### TO DO
Among the entries below, copy only the span from the line containing "- 使用 Kerberos" through the line containing "Что можно купить". Do so exactly, and skip the pictures.

### RECORDS SHOWN
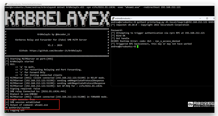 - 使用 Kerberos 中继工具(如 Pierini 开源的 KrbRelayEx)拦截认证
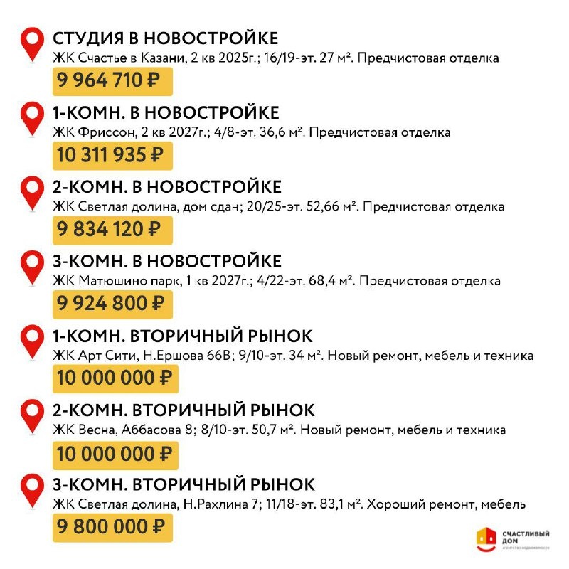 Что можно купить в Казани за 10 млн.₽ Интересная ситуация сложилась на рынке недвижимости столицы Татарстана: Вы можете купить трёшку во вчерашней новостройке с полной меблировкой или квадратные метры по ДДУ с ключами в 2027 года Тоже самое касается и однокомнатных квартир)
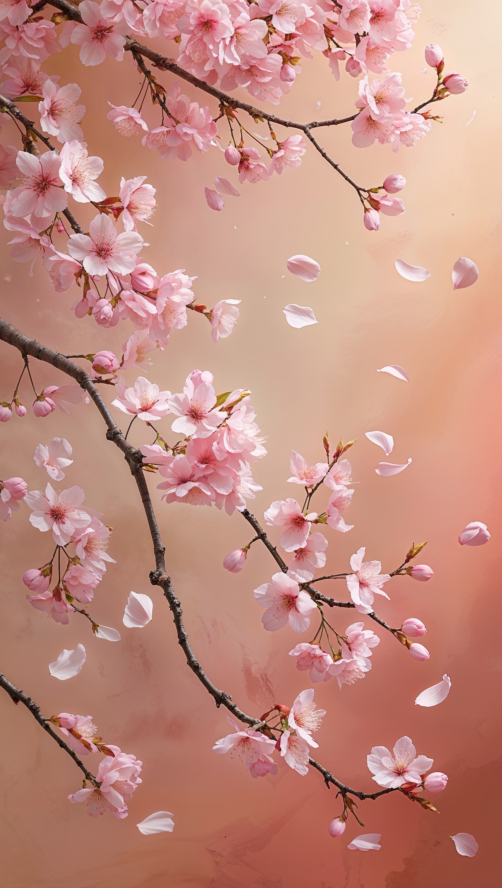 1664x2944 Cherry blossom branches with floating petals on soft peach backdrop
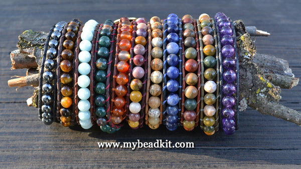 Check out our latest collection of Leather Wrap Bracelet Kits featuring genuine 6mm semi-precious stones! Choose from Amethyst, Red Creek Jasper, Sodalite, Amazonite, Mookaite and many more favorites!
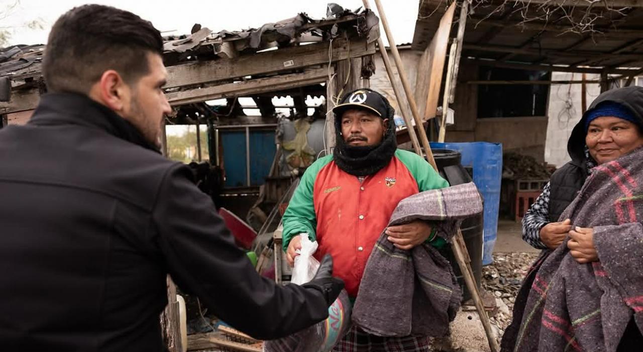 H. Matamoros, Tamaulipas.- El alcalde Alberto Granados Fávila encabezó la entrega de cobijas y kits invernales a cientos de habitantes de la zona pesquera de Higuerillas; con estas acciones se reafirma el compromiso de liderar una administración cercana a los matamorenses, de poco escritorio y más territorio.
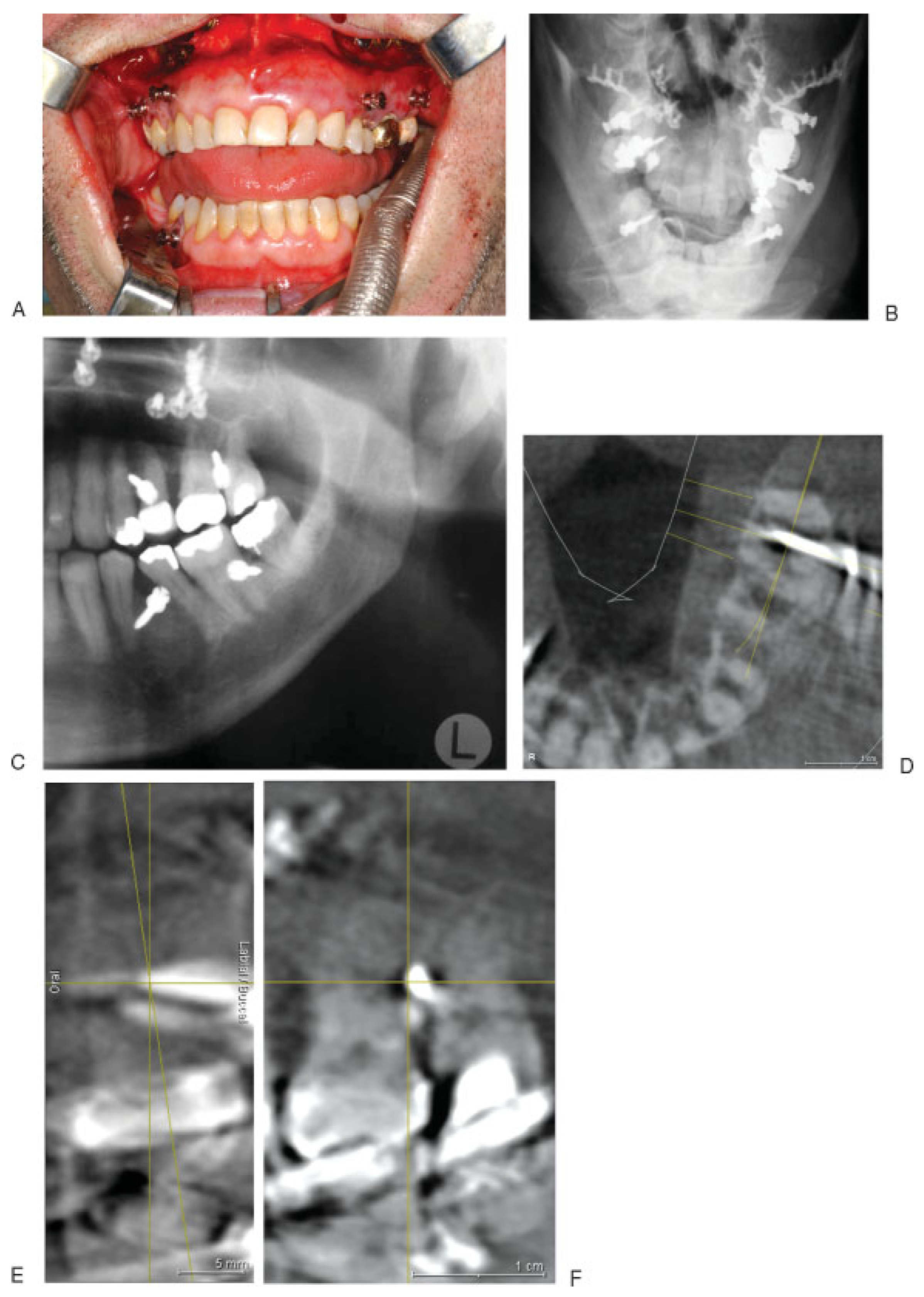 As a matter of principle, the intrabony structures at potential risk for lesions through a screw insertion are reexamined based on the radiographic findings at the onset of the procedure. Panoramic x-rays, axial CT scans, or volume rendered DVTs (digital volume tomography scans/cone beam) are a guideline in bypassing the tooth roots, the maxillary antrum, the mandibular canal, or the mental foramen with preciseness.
---
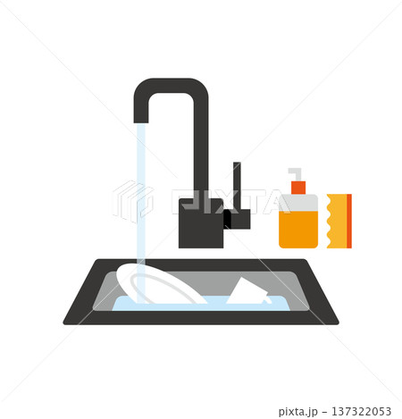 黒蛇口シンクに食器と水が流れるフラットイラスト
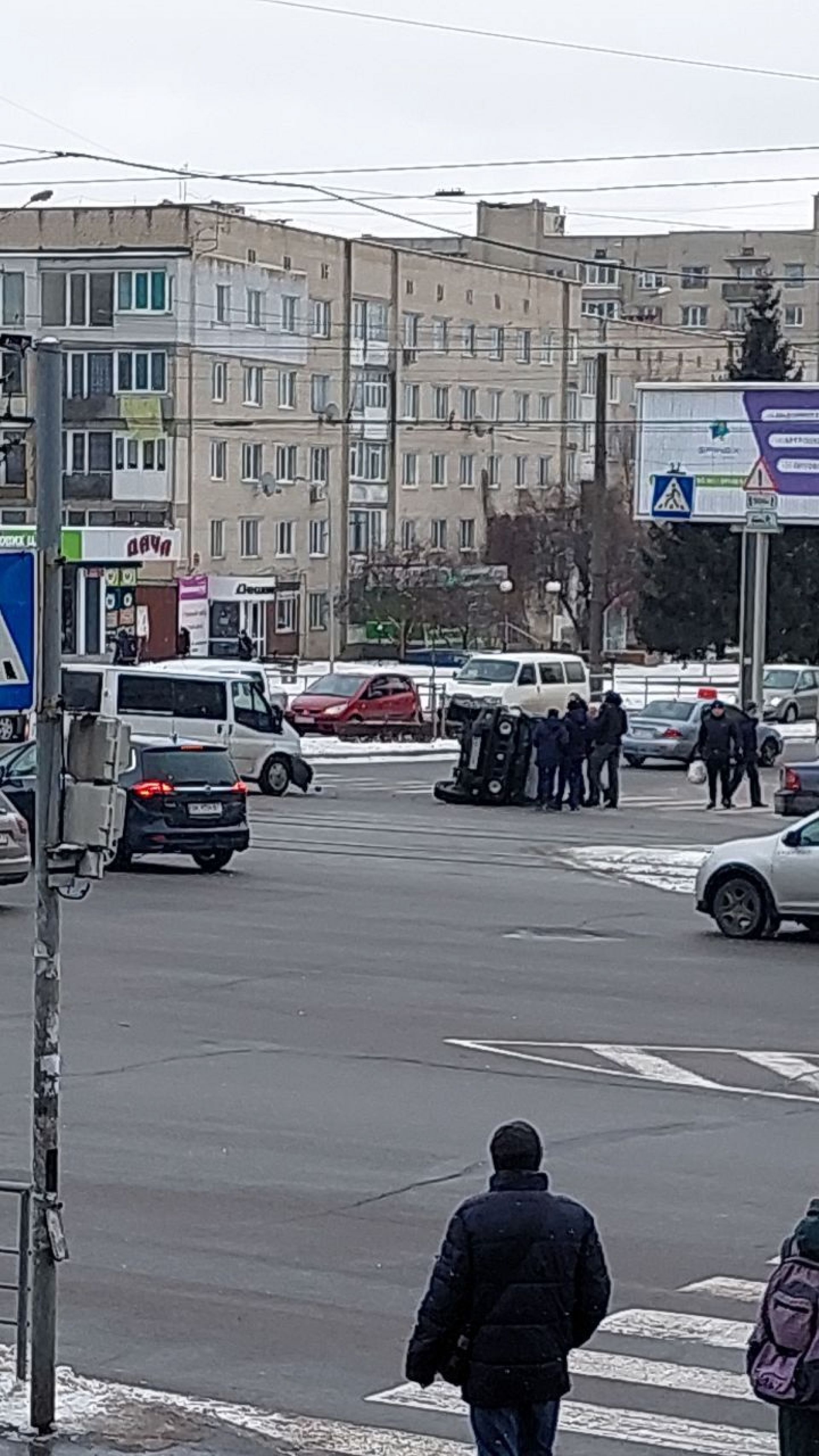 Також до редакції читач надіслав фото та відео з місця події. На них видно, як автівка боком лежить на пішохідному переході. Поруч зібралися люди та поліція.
* * *
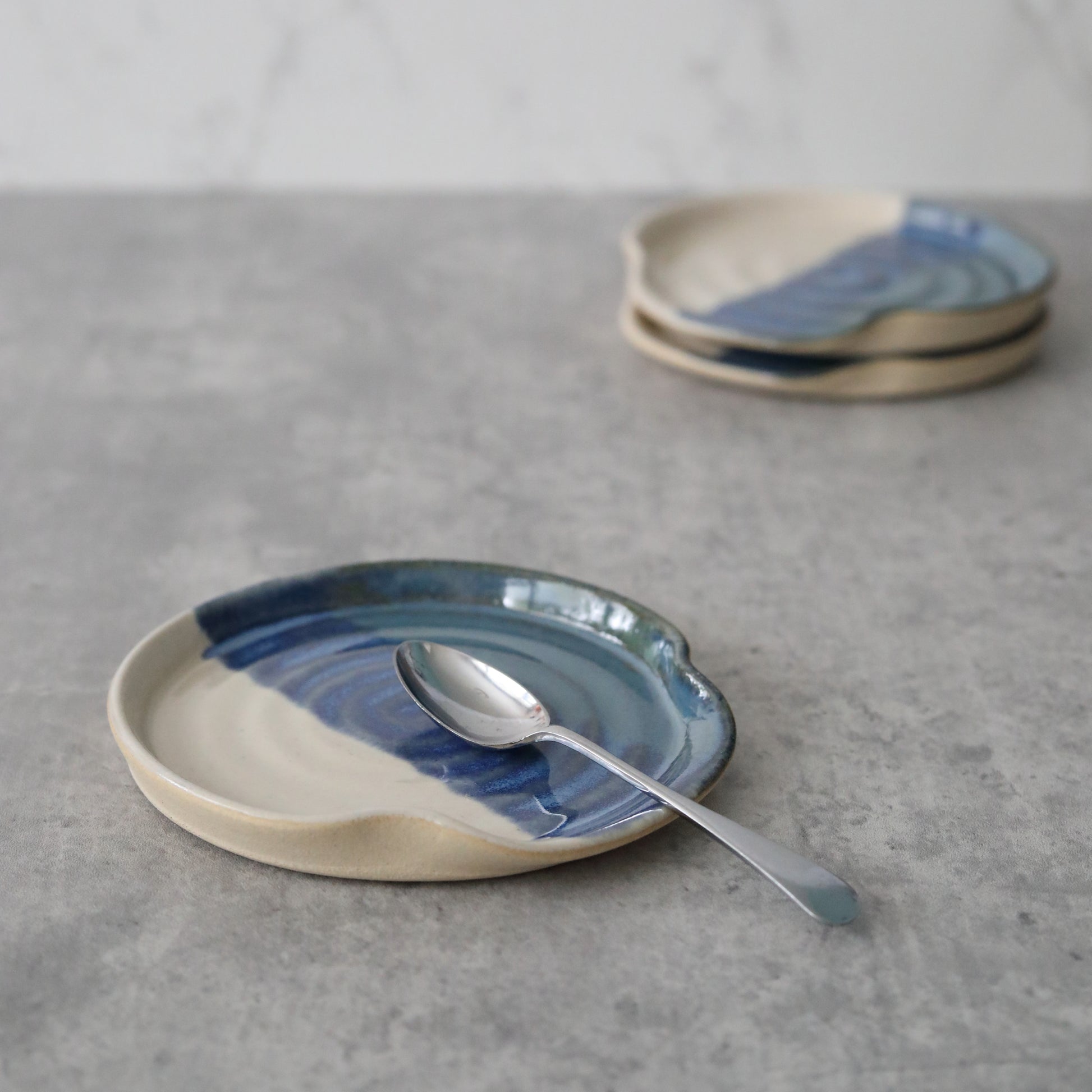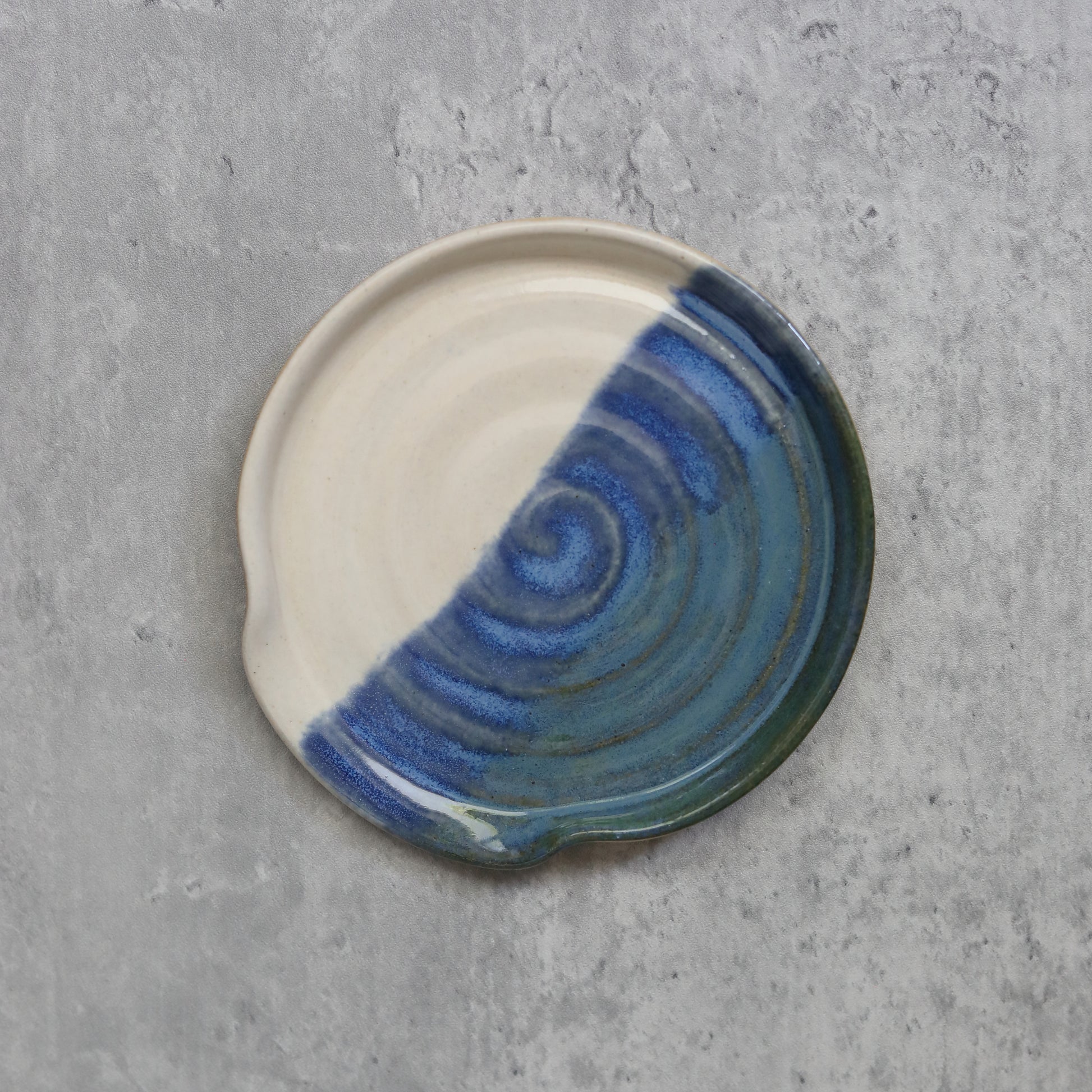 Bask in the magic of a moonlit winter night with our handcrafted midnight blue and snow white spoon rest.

### WRITTEN RESPONSE
 - 使用 Kerberos 中继工具(如 Pierini 开源的 KrbRelayEx)拦截认证
 Что можно купить в Казани за 10 млн.₽ Интересная ситуация сложилась на рынке недвижимости столицы Татарстана: Вы можете купить трёшку во вчерашней новостройке с полной меблировкой или квадратные метры по ДДУ с ключами в 2027 года Тоже самое касается и однокомнатных квартир)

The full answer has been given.